ISOBEL AND EMILE
by Alan Reed

Isobel and Emile marks Montrealer Alan Reed’s transition from poet to novelist, but only just.

The book tells the simple story of a young couple whose relationship has just ended. No explanation is given for the break-up, but a town mouse/country mouse scenario seems to be a factor. The two have been living in less-than-glamorous circumstances above a grocery store in the small town. But Emile is from the city, and he decides to move back there to make a film about his passion: puppeteering.

Reed_Isobel and Emile_EDRevFollowing Emile doesn’t appear to be an option for Isobel. Judging by her mother’s reaction to her having left home, she also seems to be younger than he is. Yet even after Emile leaves her, Isobel continues to live above the grocery store, where, despite her waifishness, she takes a job unloading the store’s delivery truck.

Back in the city, a glum Emile moves in with his bartender friend, Nicolas. Occasionally he drinks wine with the flame-haired, potentially rapacious, Agatha, who lends Emile a camera and encourages him to show his puppet film at a festival she is organizing.

The novel exudes a baleful melancholy and romantic otherworldliness heightened by a series of anachronisms: all the characters smoke (indoors and out); they also travel from small towns to big cities on trains (which perhaps more than anything rules out the possibility of a present-day Canadian setting).

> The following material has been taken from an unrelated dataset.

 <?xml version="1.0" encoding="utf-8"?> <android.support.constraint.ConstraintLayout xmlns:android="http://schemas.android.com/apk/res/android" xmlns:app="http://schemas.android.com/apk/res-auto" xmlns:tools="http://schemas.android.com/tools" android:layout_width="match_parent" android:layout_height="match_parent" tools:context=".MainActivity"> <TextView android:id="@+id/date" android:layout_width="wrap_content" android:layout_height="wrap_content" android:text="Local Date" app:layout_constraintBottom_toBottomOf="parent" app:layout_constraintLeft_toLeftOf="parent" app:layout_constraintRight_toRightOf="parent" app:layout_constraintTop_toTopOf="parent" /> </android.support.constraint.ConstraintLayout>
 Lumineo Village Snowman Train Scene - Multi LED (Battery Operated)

What make Isobel and Emile unusual, however, is its deconstructed, repetitive, almost incantatory prose. There’s no risk of comma splices here, and Reed’s manuscript must have been mercifully free of his auto grammar’s squiggly green lines. He sticks with the simple formula of subject/verb/object/period, building mood and plot through the overlap of words between sentences: “They were not wearing clothes. They were naked. They had been naked when they went to bed the night before. It had not troubled them. It had been dark.” Reed also avoids contractions, which means that his characters speak formally, as when Emile announces: “I do not know what I am going to do.”

This makes Isobel and Emile read at times like a children’s book, at times almost like scripture. It often feels like we’re going down a long staircase one step at a time.

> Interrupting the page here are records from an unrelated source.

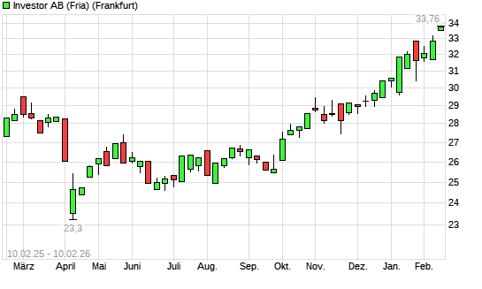 Mit dem Anstieg auf 33,54 EUR hat die Investor A-Aktie (ISIN SE0015811955) am 09.02.2026 ein neues All-Time-High erreicht und damit den Kurs vom 02.02.2026 eingestellt.
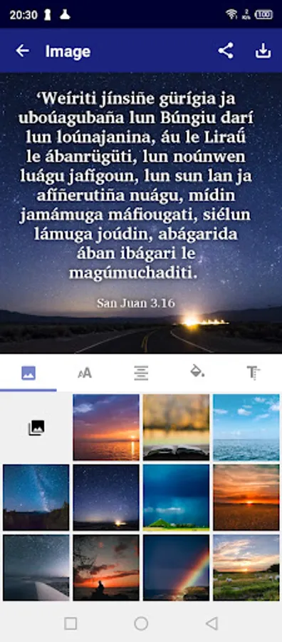 • When you tap on a verse, an image button is shown on the bottom toolbar. When this button is pressed, the ’Edit image’ screen appears. You can choose the background image, move the text around the image, change the font, text size, alignment, format and colour. The finished image can be saved to the device and shared with others.
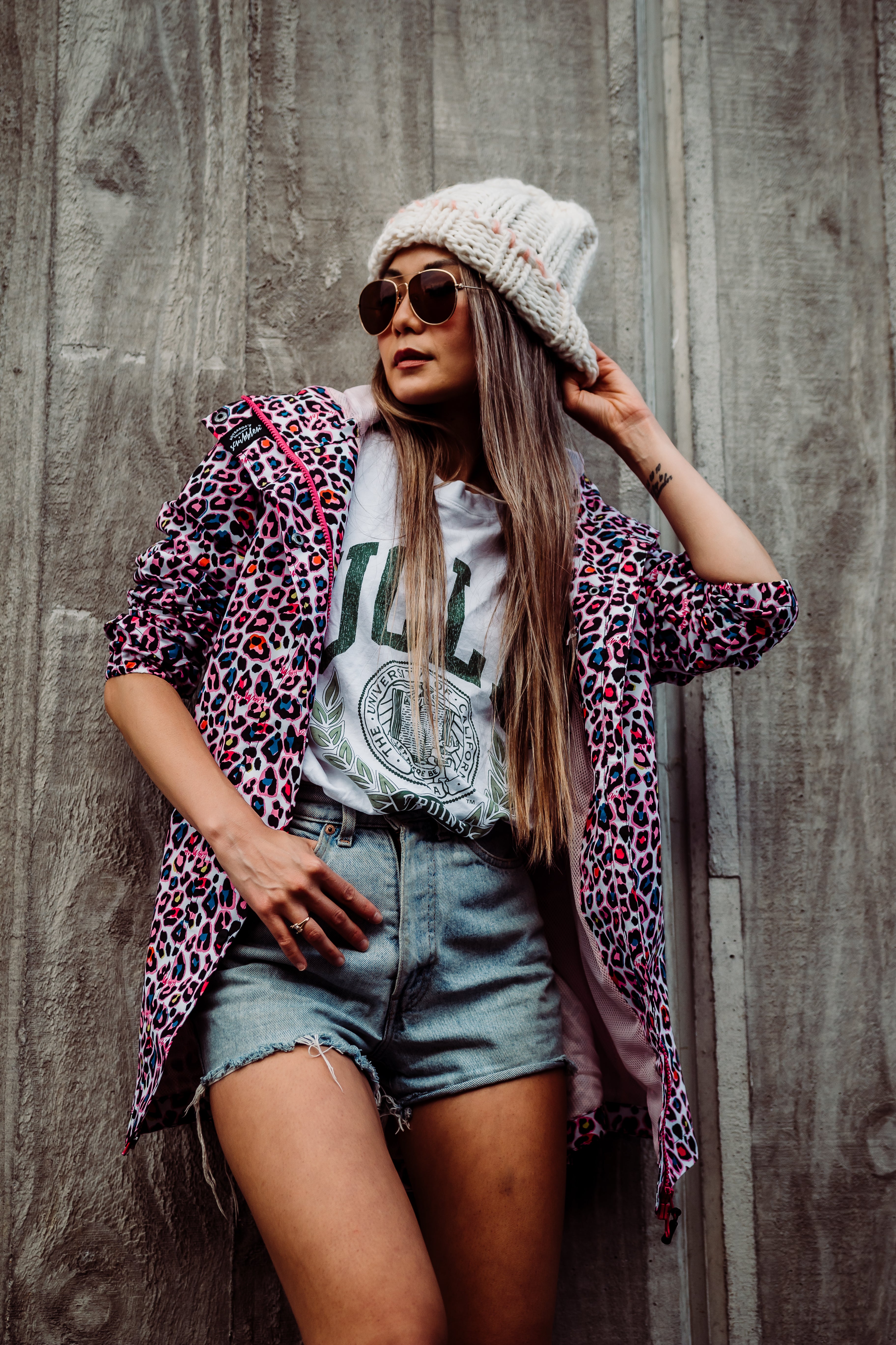 Neon Leopard waterproof mesh lined raincoat

Of course, any author who puts style front and centre to such a degree must be prepared for the inevitable whys this raises in the mind of the reader. My own sense is that Reed is echoing the way we rebuild ourselves after emotional trauma—the measured process of trying to get a grip, as it were.

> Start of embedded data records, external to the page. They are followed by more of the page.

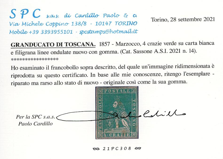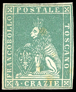 | Zusatzinformationen und Suchstichworte: | Ferrario Aste - 6. Internetauktion 13. November 2022 Los 774 Italien Staaten Toscana 1857 - 4 crazie verde (14), gomma originale, riparato. Ottimo aspetto, occasione. Cert. Cardillo. Cat. € 20000 Zuschlag 400,00 EUR |
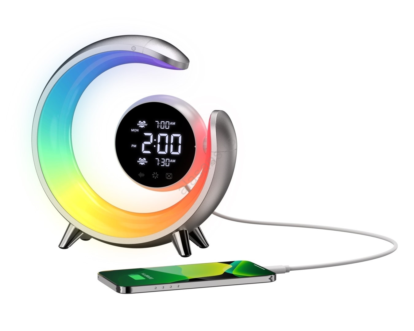 LED RGBW prigušiva stona lampa sa budilnikom LED/20W/5V USB srebrna
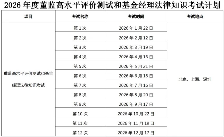二、董监高水平评价测试和基金经理法律知识考试拟在北京、上海、深圳举办12次。
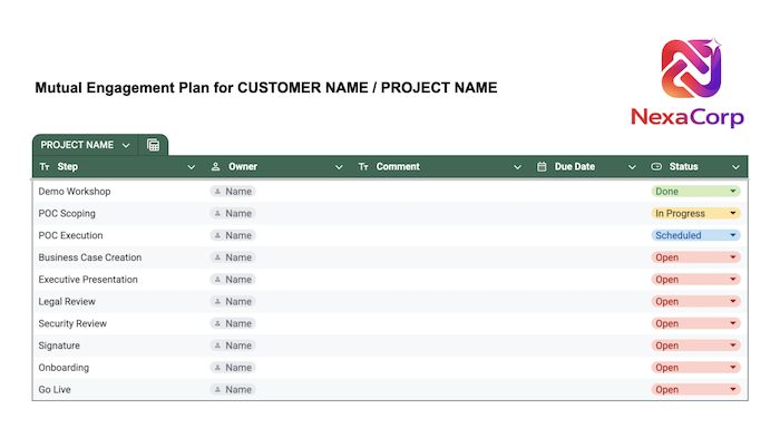 Create a sense of urgency without being pushy: The Mutual Engagement Plan (MEP) keeps deals moving from the First Meeting all the way to signature without losing control of the process along the way. It's the tool that transforms the sales process from something you're doing to the customer into something you're doing together.
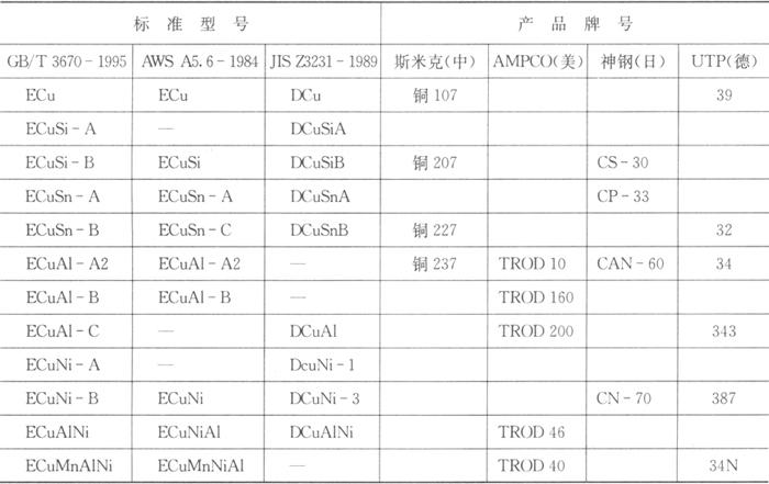 | 释义 | 国内外铜及铜合金焊条对照 我国GB/T 3670-1995标准的修订,主要参考采用了美国标准ANSI/AWS5.6-84和日本工业标准JIS23231-1989。国内外主要铜及铜合金焊条标准型号和产品牌号对照表见表8.2-3。 表8.2-3 铜及铜合金焊条型号和牌号对照表

But the spell is broken somewhat in the unsent letters Isobel writes to Emile. The voice of the letters falls halfway between regular speech and the novel’s truncated prose, which makes us aware of what feels like Reed’s uncertainty about how to tackle the intrusion of them into the narrative. Long-term, the increasingly predictable repetition makes it a little to easy to jump ahead in the text, rather than savor the writing. More problematic still is that Reed’s Dick-and-Jane style sometimes makes it seem like the narrator is condescending to the characters, or worse, to us.

Cons aside, though, Reed deserves praise for his willingness to experiment. In the end, he manages to build oddly tangible characters. There’s also a purity to the writing that does manage to strike, if sometimes only fleetingly, at the heart of matters of the heart. At those times, what emerges is unexpectedly, idiosyncratically beautiful.